Sibi how cool are those!!!! what fun you have been having, cannot wait to see cut pics too


----------



## Araseth (Apr 25, 2011)

Those are awesome, can't wait to see what the last one looks like inside ^_^


----------



## Scentapy (Apr 25, 2011)

Awesome!!!


----------



## Traceyann (Apr 25, 2011)

OMG how good r they, Love the bright colours


----------



## falldowngobump (Apr 25, 2011)

Very nice!!!


----------



## crafty86 (Apr 25, 2011)

Those look awesome!! I love the first one the best!! Is it just chunks of soap and soap shavings? Love that look!!


----------



## Genny (Apr 25, 2011)

:shock: Wow!  Those are gorgeous


----------



## TJ (Apr 25, 2011)

Really cool soaps! I love all the colors. The bunt cake one should be really interesting!


----------



## soapbuddy (Apr 25, 2011)

Looks good to me! Did you do a tunnel swirl on the one in the slab mold?


----------



## Catmehndi (Apr 26, 2011)

Congrats! These are awesome!


----------



## Sibi (Apr 26, 2011)

soapbuddy said:
			
		

> Looks good to me! Did you do a tunnel swirl on the one in the slab mold?
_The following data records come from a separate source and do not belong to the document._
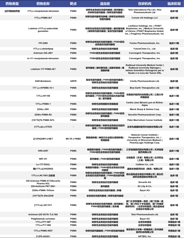 臨床階段的治療用放射藥物數(shù)量超過一半集中在臨床1/2期和臨床1期,占比達60%,這些藥物所針對的22個適應(yīng)癥中,排名前三的是轉(zhuǎn)移性去勢抵抗性前列腺癌、PSMA陽性去勢抵抗性前列腺癌、前列腺癌,分別為11、2、1,占總體33%、6.1%、3.0%。而這些藥物大多使用177Lu作為放射性標(biāo)記的化合物。(詳見附表2)
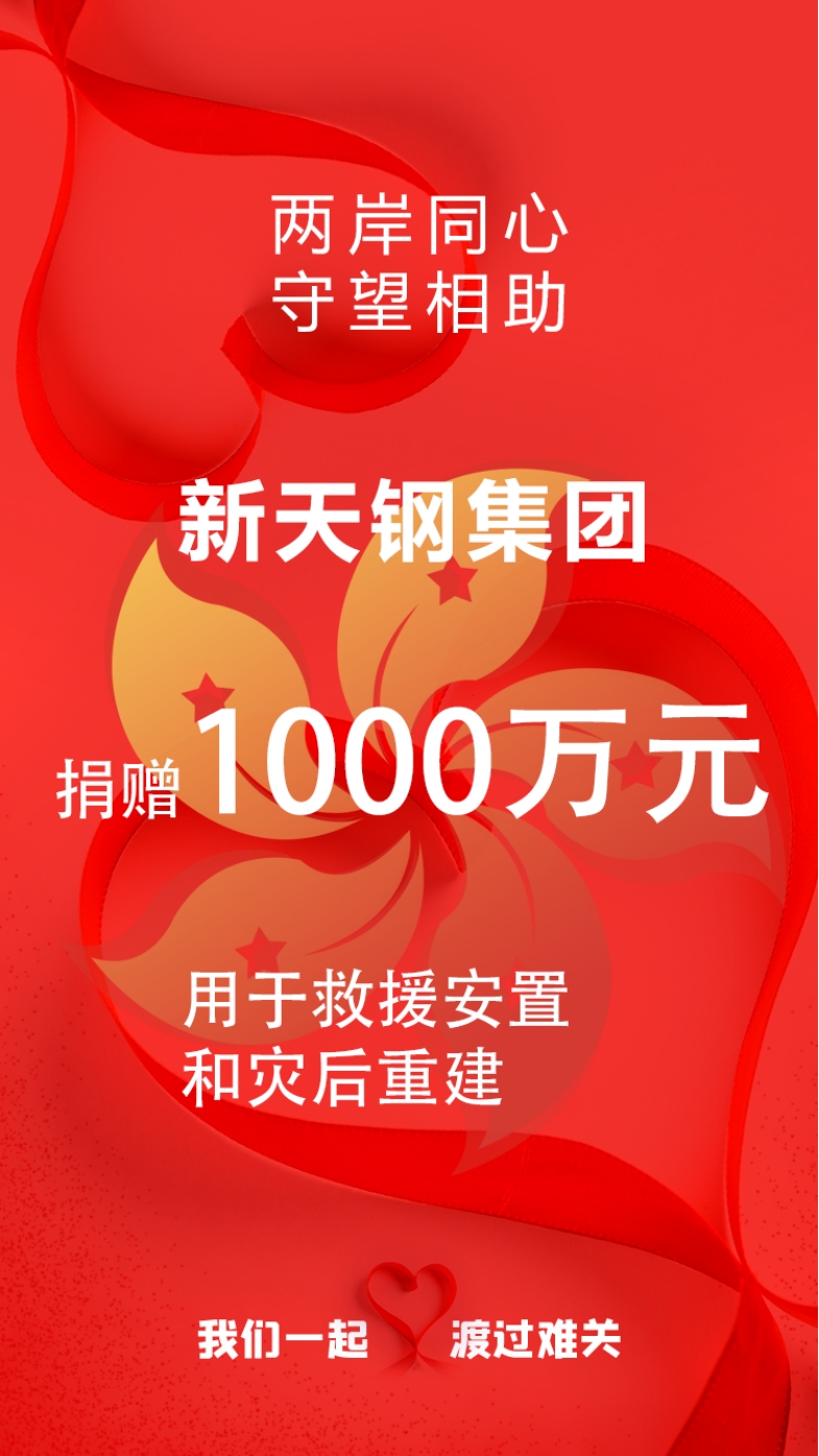 两岸同心,守望相助。新天钢将与香港社会各界携手同行,尽最大努力帮助受灾同胞渡过难关、重建家园。
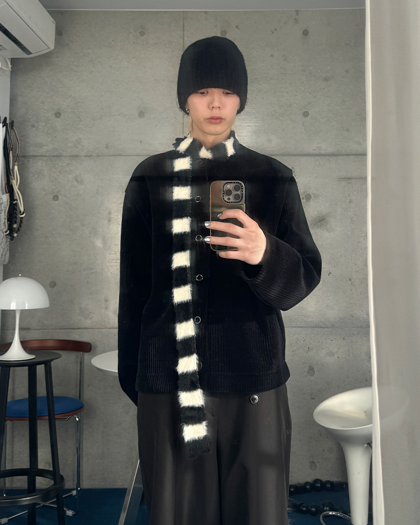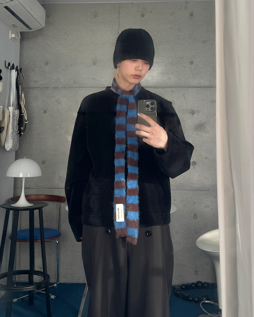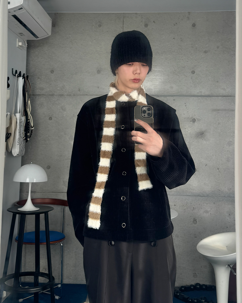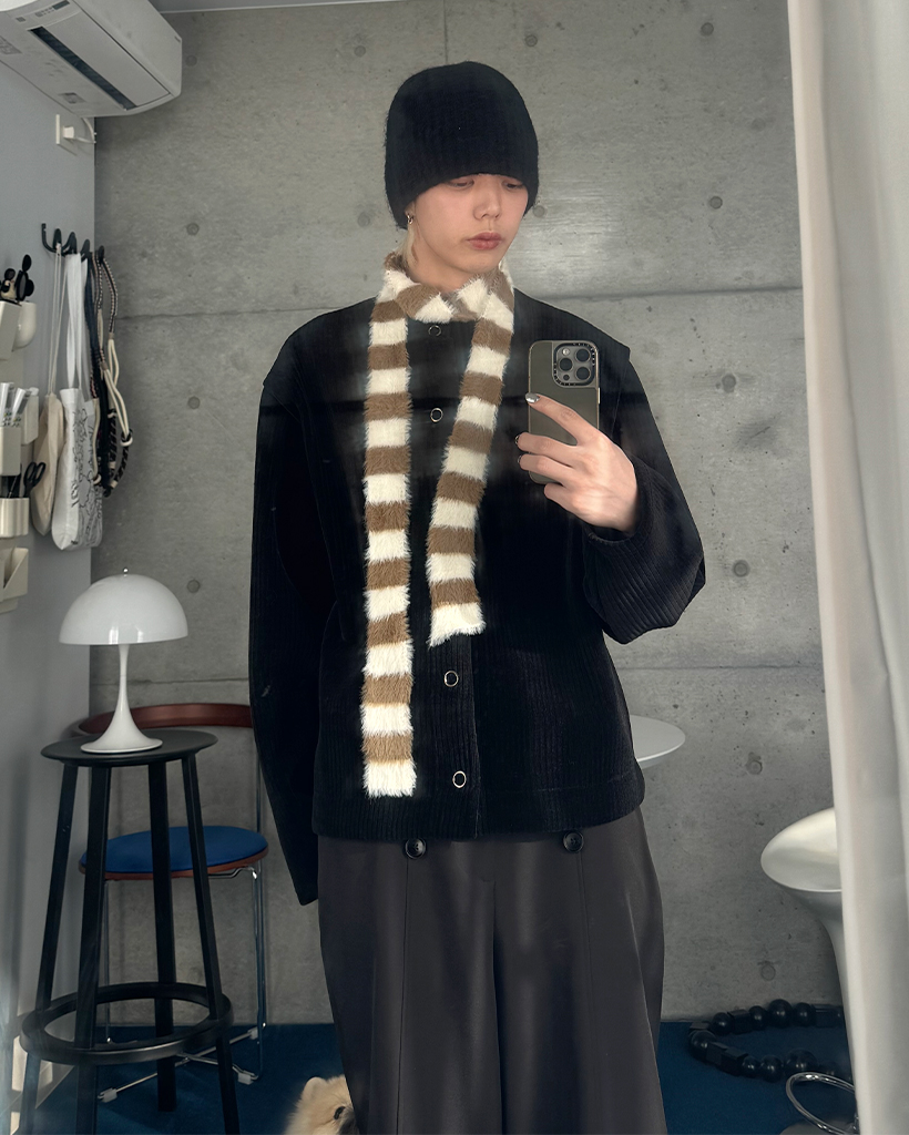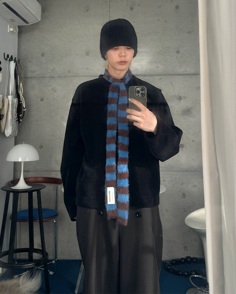 ボーダー柄スリムニットマフラー
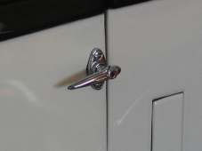Once your doors are painted, you must re-drill the holes to eliminate build-up and glue the bases to the exterior. To avoid messing up a wonderful finish, we used a toothpick to guide and hold the bases while the glue dried up. Below you will see some pictures of the finished installation. Although several steps are required to fit the handle system, the results are spectacular and 100% accurate to the prototype. We hope you enjoy this challenging but fun process!
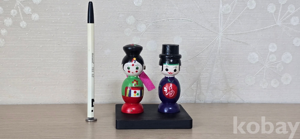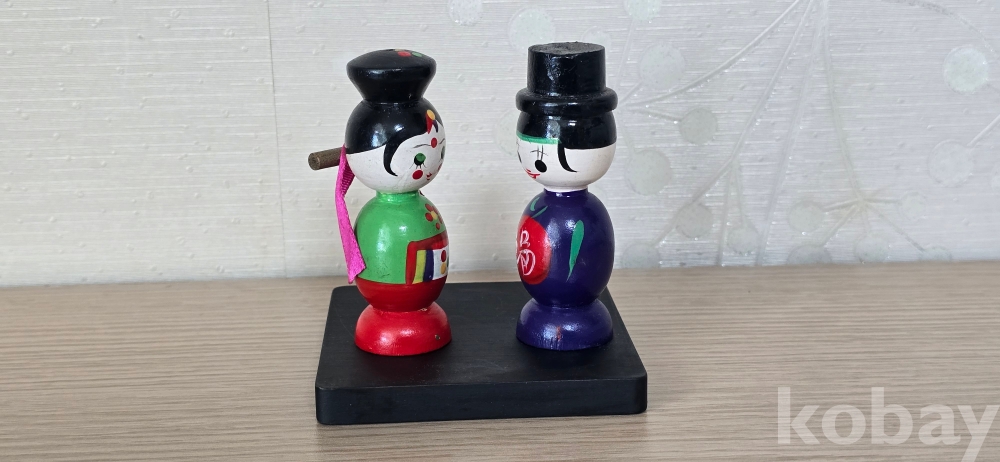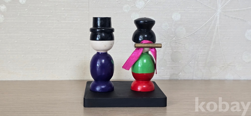 @ 6~70년대 혼례복으로 단장한 목각인형 신랑, 신부.

I did a column swirl on both the slab mold and the log mold.  Its fun to see what kind of results you will get but it's not easy to coordinate so many colors and hold the funnel and pour by yourself.


----------



## MidwestSoaper (Apr 26, 2011)

All of your soap is beautiful!  I love your colors and designs.


----------



## Sibi (Apr 26, 2011)

Thanks for all the positive feedback everyone   You all should give the column swirl (by Amanda Griffin....lovinsoap.com) a try, its loads of fun!


----------



## ewenique (Apr 26, 2011)

Gorgeous!  Now let's see the cut pics!


----------



## missmelis (Apr 27, 2011)

Those all look so awesome. Can't wait to see the cut pics.


----------



## cthylla (Apr 29, 2011)

Awesome!!  Cut pics!  Cut pics! Cut pics!


----------



## dcornett (Apr 29, 2011)

I love the colors you used in your log mold, the one you scented with coconut lime. Those look like they will be awesome bars when cut. Very nice!!


----------



## Bukawww (May 1, 2011)

Sibi!  My mom just emailed me some pics from her quilting board that look strikingly similar to these beauties 

I don't think she posts often or ever over there but does tell me about her 'quilting ladies' and the mini horses, etc...and today SOAP!

Small world huh lol.

Beautiful swirls!


----------



## Sibi (May 1, 2011)

Bukawww said:
			
		

> Sibi!  My mom just emailed me some pics from her quilting board that look strikingly similar to these beauties
> 
> I don't think she posts often or ever over there but does tell me about her 'quilting ladies' and the mini horses, etc...and today SOAP!
> 
> ...



If your mom saw the soaps on quiltingboard.com than those were probably mine!    I just posted them yesterday since I belong to that board too.  I'm going to add the cut pics here today.  Thanks for the positive feedback.


----------



## agriffin (May 1, 2011)

WOW!   :shock:   That second cut pic is AMAZING!  I need to try it in a loaf mold.  That is cool!   8)


----------



## llineb (May 4, 2011)

Fabulous!


----------



## Lynnz (May 5, 2011)

Wowser Sibi loving your cut pics :0)


----------